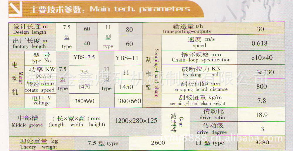 SGB280/7.5C,11型双链可弯曲刮板输送机主要用于一般中小型煤矿缓倾斜薄煤层和中厚煤层炮采工作面输送煤炭,如在中部槽上部增设挡板,增加其输送断面亦可在中间巷道内使用,特别是对井型小,产量不大,工作面长度不太长的小煤矿更为适合。在一般煤矿因地质条件限制而不宜使用其它类型输送机的情况下,亦可采用该机作为辅助之用。
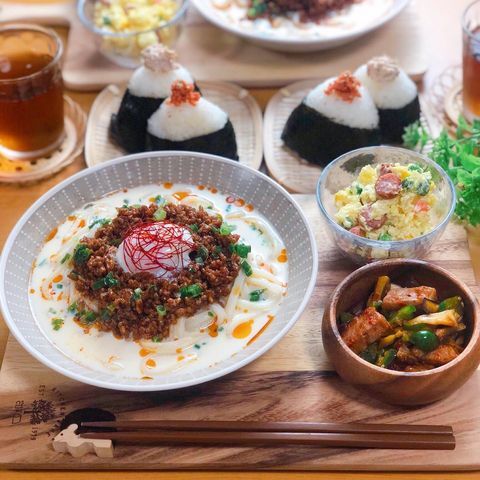 見た目も華やかな、ジャージャー麺風レシピ。肉味噌はレンチンで調理可能&作り置きもできるので、事前にストックしておくと便利。仕上げに温玉&白髪ネギをトッピングして召し上がれ。(調理時間:10分)
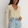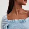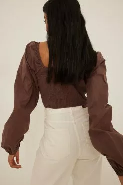This blouse features an elasticized square neckline with a tieknot in front, long sleeves with elastic cuffs, a ruched design in front, a smocked design on the back, cropped length and a material in cotton.
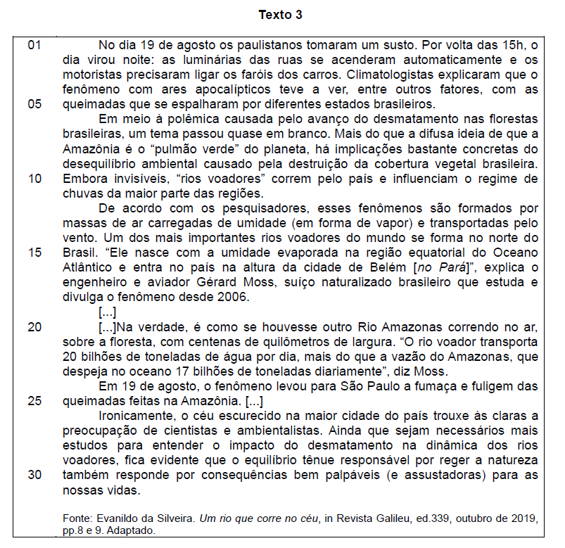 Analise as proposições em relação ao Texto 3, e assinale (V) para verdadeira e (F) para falsa. ( ) O verbo virar possui diversas regências, variando-as conforme o sentido que ele é empregado. No período “o dia virou noite” (linhas 1 e 2), foi empregado na acepção de transformar-se em, portanto, é um verbo de ligação e o substantivo noite tem a função sintática de predicativo do sujeito. ( ) A pontuação, na Língua Portuguesa, tem, entre muitas, a finalidade de assinalar pausas, esclarecer períodos, separar palavras. Em: “o dia virou noite: as luminárias das ruas se acenderam automaticamente” (linhas 1 e 2) os dois pontos foram usados para interromper a ideia expressa anteriormente. ( ) É correto afirmar que o autor do texto mantém distância em relação aos fatos narrados, porque não há comprovação de que os “rios voadores” fazem parte do território nacional. ( ) Da leitura do texto, subentende-se que as queimadas e o desmatamento da Amazônia prejudicam a formação dos “rios voadores” que jorram suas águas por todo o território nacional. ( ) Nos segmentos “fenômeno com ares apocalípticos” (linha 4) e “Mais do que a difusa ideia” (linha 7), se as palavras destacadas forem substituídas, na sequência, por obscuros e disseminada, a coerência e o sentido, no texto, são mantidos. Assinale a alternativa correta, de cima para baixo.

• **ACTIVITY**
Word for word, restate the lines above from the one with "見た目も華やかな、ジャージャ" through the one with "This blouse features", keeping both ends and dropping the pictures.

• **COMPLETED EXERCISE**
 見た目も華やかな、ジャージャー麺風レシピ。肉味噌はレンチンで調理可能&作り置きもできるので、事前にストックしておくと便利。仕上げに温玉&白髪ネギをトッピングして召し上がれ。(調理時間:10分)
This blouse features an elasticized square neckline with a tieknot in front, long sleeves with elastic cuffs, a ruched design in front, a smocked design on the back, cropped length and a material in cotton.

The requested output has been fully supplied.